Опираясь о стену, он сделал два шага вперед, пытаясь рассмотреть комнату в наступившей полутьме.

Луиза была пригвождена к камину кочергой, вошедшей спереди в ее живот. Белый пупок, обнажившийся из-под одежды, слабо подрагивал. Рональд отвел глаза.

— Последнее желание… — прошептала она.

— Все что угодно! — горячо воскликнул Рональд. Луиза никогда не была ему симпатична, но любая женщина не заслуживала такой смерти, в столь мрачном месте и от столь злодейских рук. Ничего, кроме острой жалости, рыцарь к ней сейчас не чувствовал.

— Поцелуй… меня… — едва слышно произнесла Луиза. — Никогда… не пробовала… обычного мужчину-человека… не сарацина… не цыгана… не кентавра… не…
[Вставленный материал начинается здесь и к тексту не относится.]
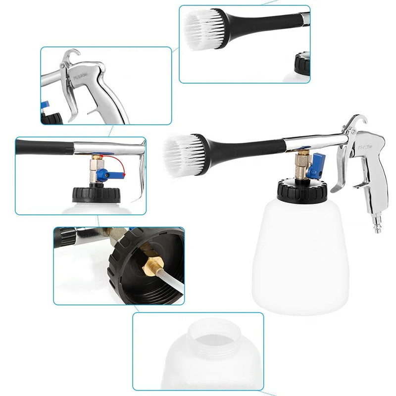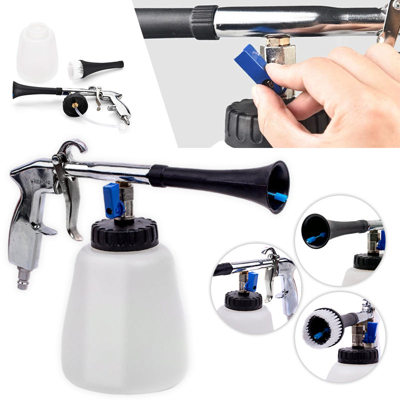 Ppneumatski pištolj za pranje s kapacitetom od 1 L, nezamjenjiv alat za dubinsko čišćenje tapeciranog namještaja i unutrašnjosti automobila. Dizajniran za mokro čišćenje, ovaj pištolj bez problema uklanja sve vrste prljavštine, od karoserije do unutrašnjosti vozila, uključujući ventilacijske otvore, klima uređaje, retrovizore, plastične elemente, sjedala, presvlake, tepihe te čak i najtvrdokornije mrlje i krhotine.

Рональд наклонился и подарил умирающей самые экзотические для нее объятия, которых еще не было в ее коллекции. Даже в свой смертный час она думала лишь о новых ощущениях. Теперь впереди были лишь последние объятия, тоже довольно экзотические — объятия Смерти.

— Тайный ход! — проскрипел зубами Рональд, с ненавистью глядя на угли камина. — Следовало бы догадаться, что здесь тридцать три входа и выхода…
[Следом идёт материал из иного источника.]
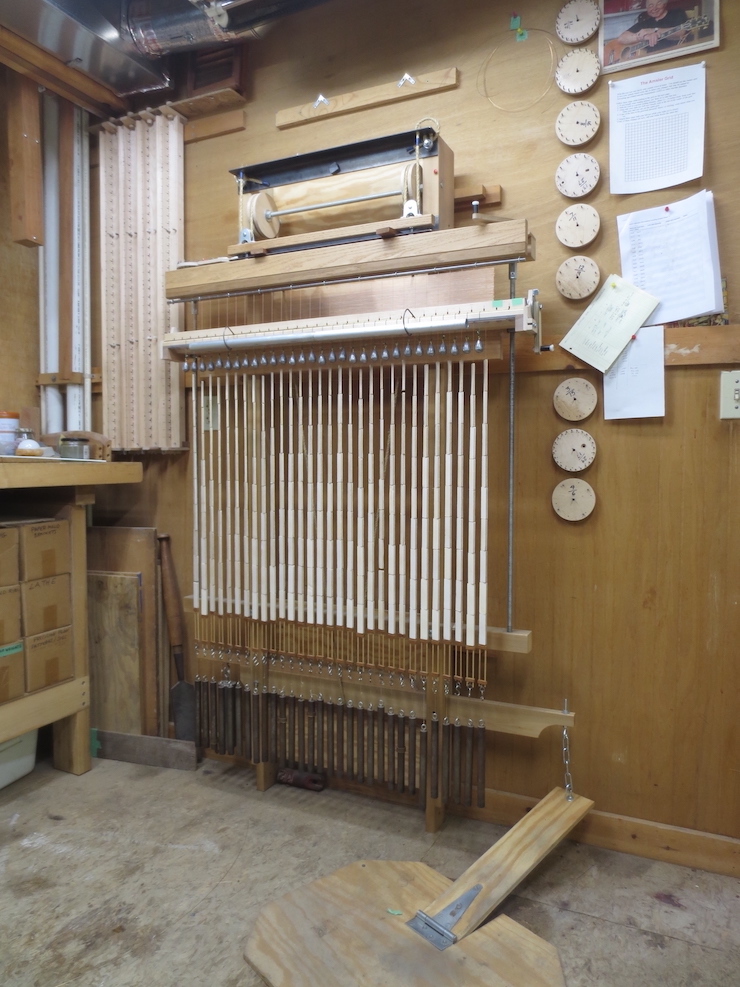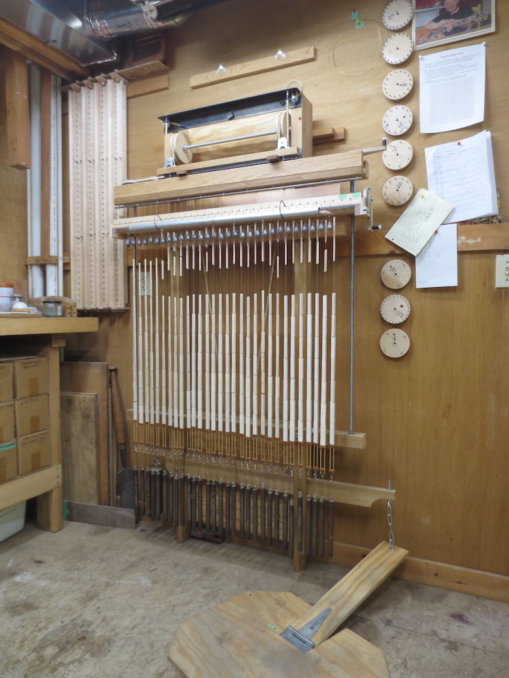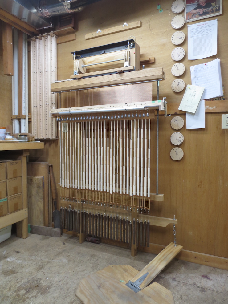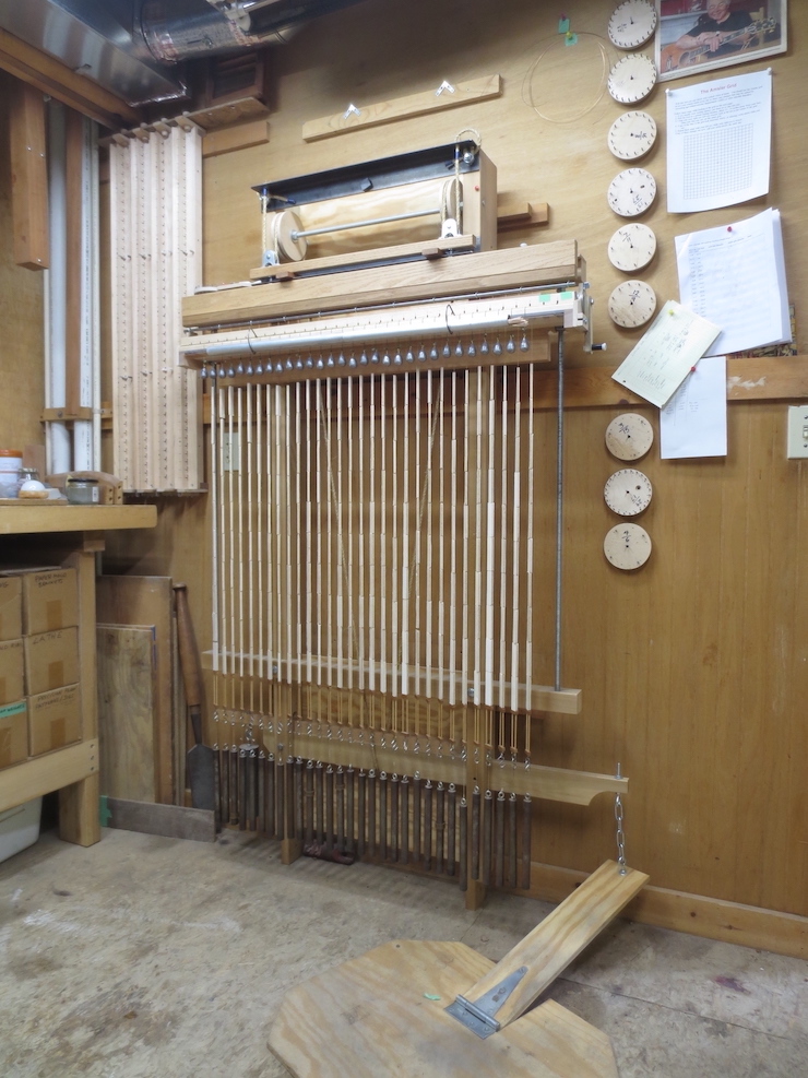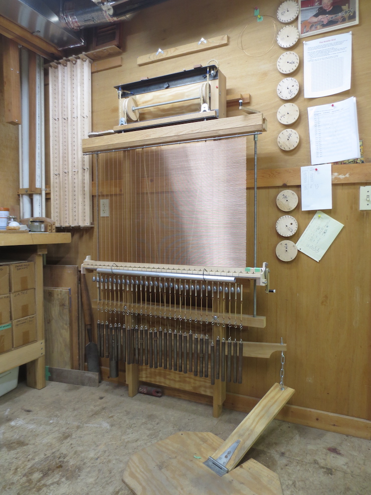 This loom is very dependable. I’ve made improvements over the years to reduce the chance of error while making up facings, but a certain level of concentration must be maintained and it’s still possible to goof up. Large facings are a little stressful since making a mistake often means starting completely over. Set-up for this facing took 3-1/2 hours. This involved swapping out the twisting mechanism already on the loom for another of the correct spacing, adding the spindles and hooking up drive weights, measuring out, stringing up and weighting chain wires, and putting all the foam board spacers in place. (Many of these steps are illustrated in other posts). This facing was completed without incident but the actual ‘weaving’ took 4-1/2 more hours.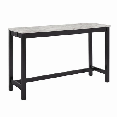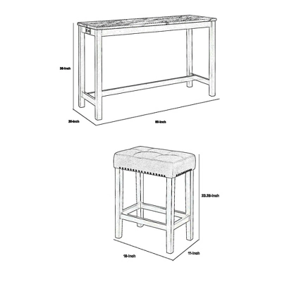Bring the style and sophistication of the world’s finest bars and eateries to your home with this stunning bar table set from the Kate Collection. The centerpiece of the set is a sleek, rectangular faux marble accented countertop. Complimented by three blue velvet upholstered, memory foam padded stools, all lined with a striking and unique nailhead trim, this four piece collection will undoubtedly add a touch of boldly understated class to any room in your house.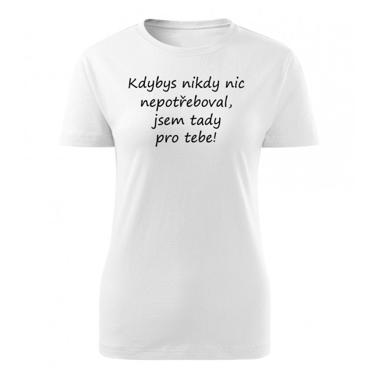 Dámské tričko s potiskem Kdybys nikdy nic nepotřeboval, jsem tady pro tebe!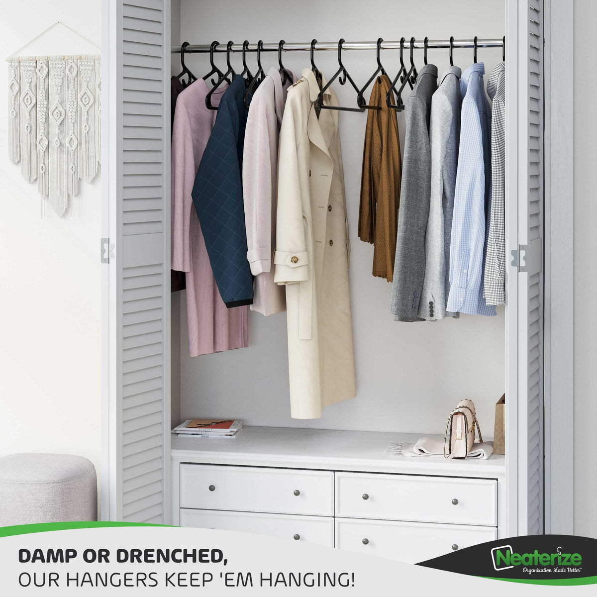 - Q: How durable are these hangers compared to standard hangers? A: The Neaterize hangers are made with extra thickness and a strong bottom bar with reinforced edges, making them more durable than standard hangers.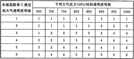4.3.4 采用本規(guī)范附錄C和附錄D時,當?shù)氐拇髿馔该鞫鹊燃墤鶕?jù)本規(guī)范附錄E及夏季大氣壓力按表4.3.4確定。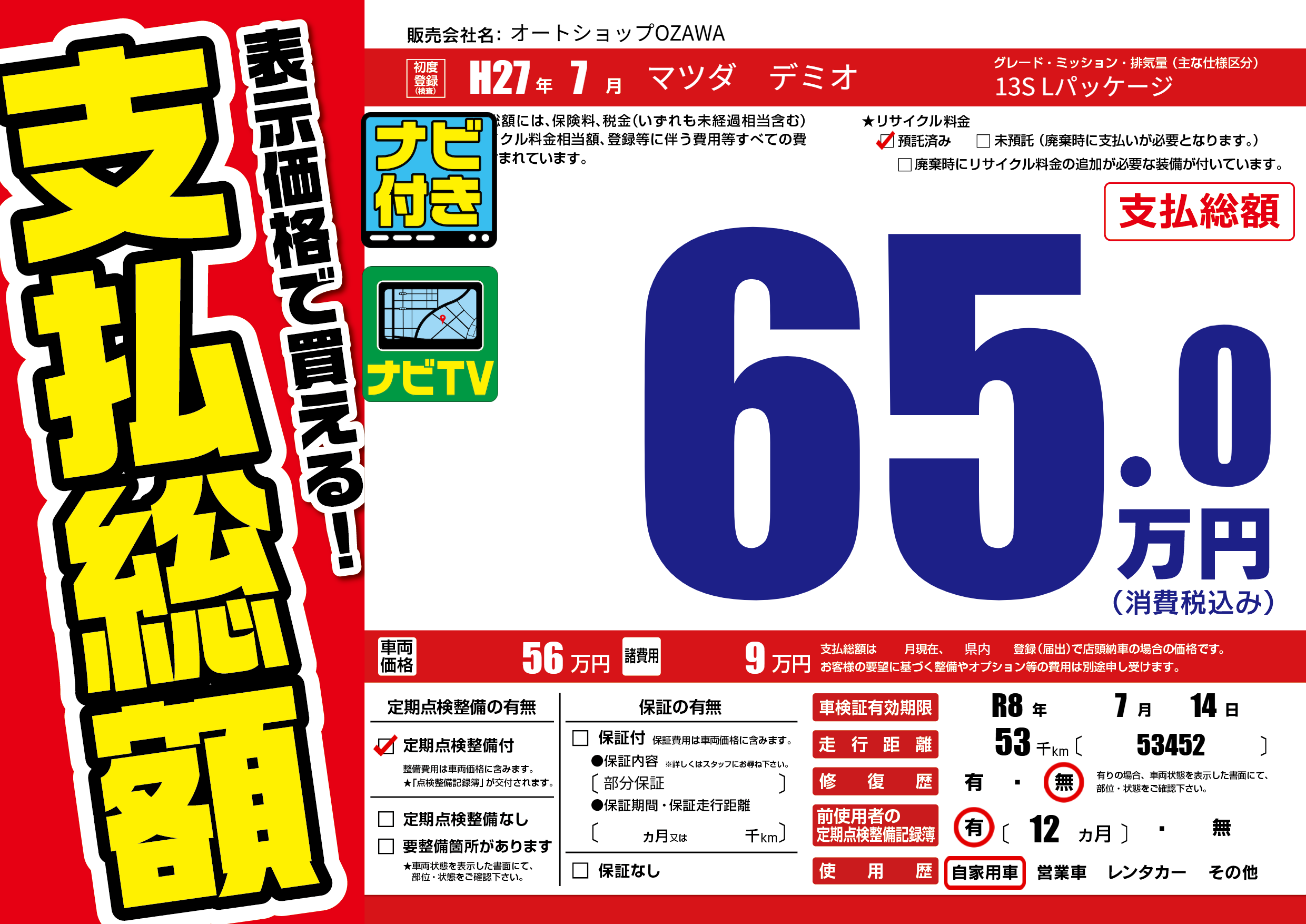 | 車名 | マツダ デミオ | グレード ミッション 排気量 |

Иегуда, уже успевший встать, посмотрел на него, затем на искрящиеся уголья.

— Если полезешь туда, держи, — сказал он и протянул нечто мягкое и упругое. — Кислородная подушка. Только не потеряй. Пользоваться очень просто…

Но времени на объяснения не было: граф уже лез в печную трубу, жмурясь от клубившегося внутри пепла. Он схватил пылающую головню, чтобы использовать ее как факел. Дым из печи рекой двигался в одном направлении; Рональд знал, что это и есть тот тайный ход, по которому, опережая его на несколько шагов, движется странное кроваво-красное существо. Он бежал изо всех сил, забыв о жаре, который съедал его пятки. Время от времени впереди мелькал хвост чудовища; всякий раз, замечая, что рыцарь совсем рядом, оно прибавляло скорости и умудрялось вновь пропасть из виду. Но Рональд не сокращал дистанцию.

Чудовище издавало звуки, похожие на хихиканье; это было так мерзко, что прибавляло Рональду сил и скорости.

Дым вдруг стал гораздо разреженнее; в сущности даже отпала необходимость в кислородной подушке, которую он прижимал ко рту. Глаза больше не слезились, и Рональд явственно видел изгибающееся, словно змея или громадная гусеница, чудовище: оно скакало практически на животе, шевеля то ли щупальцами, то ли непонятного назначения трубами. Рональд видел блеск глаз в его похожей на череп голове, то и дело посматривавшей назад.